*TASK PROMPT*.
Pictures are to be dropped, and only the lines from the one containing "エクステリアコンテスト2016 銀賞 舞鶴市K様邸" through the end of the data below are to be reproduced as written.

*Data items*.

-- Opening Marker --

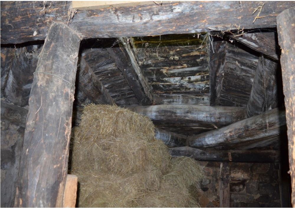
სურ. 2.61 გოდერძი მაზმიშვილის დარბაზოვანი ნაგებობა. სეგმენტის ცენტრულ-გვირგვინული და გრძივ-გვირგვინული გადახურვა. 2019 წ.
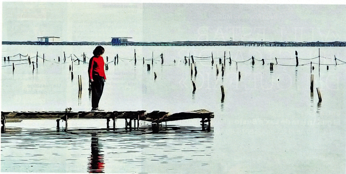
Yolanda López, pasarel·la que hi ha a la badia dels Alfacs, que es troba en un desviament de la carretera.
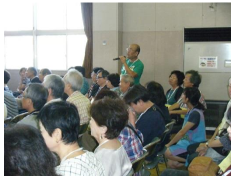
年長さんからたくさんの質問が出ました。丁寧に答えて下さり、ありがとうございました
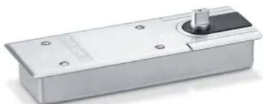
TS 550 NV – Bodentürschließer für einflügelige Anschlag- und Pendeltüren bis 1400 mm Flügelbreite mit einstellbarer Schließkraft EN 3-6 und mit ein- und ausschaltbarer Feststellung
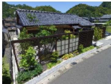
エクステリアコンテスト2016 銀賞 舞鶴市K様邸

昨年の暮れにLIXIL様より嬉しいご報告をいただきました!! 全国最大級のエクステリアコンテストで銀賞(舞鶴市K様邸)。 又、全国の建築関連業者対象で行われますメンバーズ コンテスト2016の外装・エクステリア部門でディティール賞 (京丹後市T様邸)を戴きました。
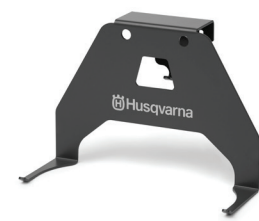
SUPPORTO A MURO PER AUTOMOWER® 597 70 36-01
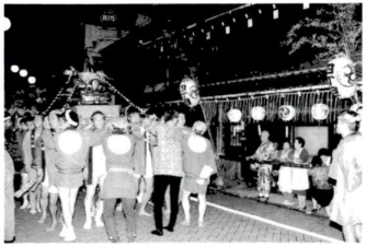
宿場町の面影を伝える旧街道にて(千住本町五可会)

-- Closing Marker --

*RESPONSE*.
エクステリアコンテスト2016 銀賞 舞鶴市K様邸

昨年の暮れにLIXIL様より嬉しいご報告をいただきました!! 全国最大級のエクステリアコンテストで銀賞(舞鶴市K様邸)。 又、全国の建築関連業者対象で行われますメンバーズ コンテスト2016の外装・エクステリア部門でディティール賞 (京丹後市T様邸)を戴きました。
SUPPORTO A MURO PER AUTOMOWER® 597 70 36-01
宿場町の面影を伝える旧街道にて(千住本町五可会)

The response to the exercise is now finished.